Hi Jamie, Unlocking with key in door will cause alarm, until Ign on, so don't why drivers door doesn't, unless microswitch in door lock has failed. Does drivers door window drop a few cm when opening door ?
Hoggy.


----------



## mullum (Sep 16, 2011)

Just in case it's a coincidence, perhaps it worth a go trying what I did today - see post #11 of this thread : viewtopic.php?t=303304


----------



## Jamie948 (Dec 8, 2007)

Both widows drop correctly, but I do remember earlier when I tried, the hazards flashed when I unlocked and opened the drivers side, now they dont.

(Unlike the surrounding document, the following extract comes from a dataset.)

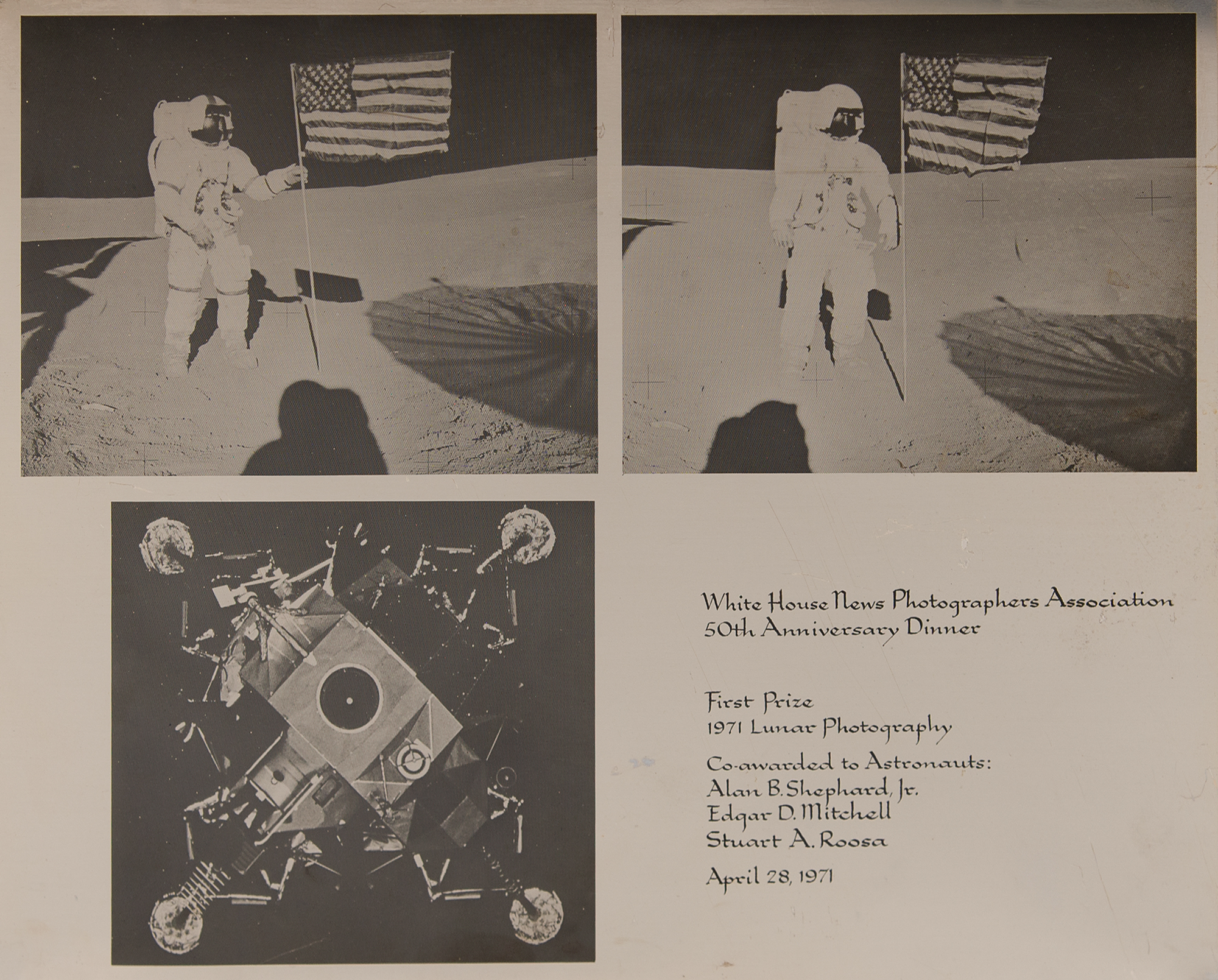 "First Prize, 1971 Lunar Photography, Co-awarded to Astronauts: Alan B. Shepard, Jr., Edgar D. Mitchell, Stuart A. Roosa"

Should a manual unlock open both doors or just the drivers side? At the moment only the drivers side unlocks until the key is in the ignition and then I believe that unlocks the passenger side automatically


----------



## Jamie948 (Dec 8, 2007)

Also the drivers side red alarm activation light on the door doesn't flash, just the passenger side. A related issue perhaps or maybe just the light not working ?


----------



## mullum (Sep 16, 2011)

Actually, I've got two types of battery listed as being for use in the TT keyfob - can anyone verify ?
CR2032 or CR1620 ?


----------



## Hoggy (May 8, 2002)

Hi Mullum, My July 2001 TT 225, uses 2 x CR1620 batts. 
Depends on the year so you may have to open it up, as some use 1x CR2032 
Hoggy.


----------



## mullum (Sep 16, 2011)

Okey dokey, mines a '99 so I imagine it's like yours but yes I'll open it up to make sure. In fact I'd love to get a new keyfob altogether (swapping out the blade and the insides) as mine is pretty worn. It'd be great if the symbols were illuminated or at least glow in the dark - 
I'd better not hijack this thread with that topic though !


----------



## Jamie948 (Dec 8, 2007)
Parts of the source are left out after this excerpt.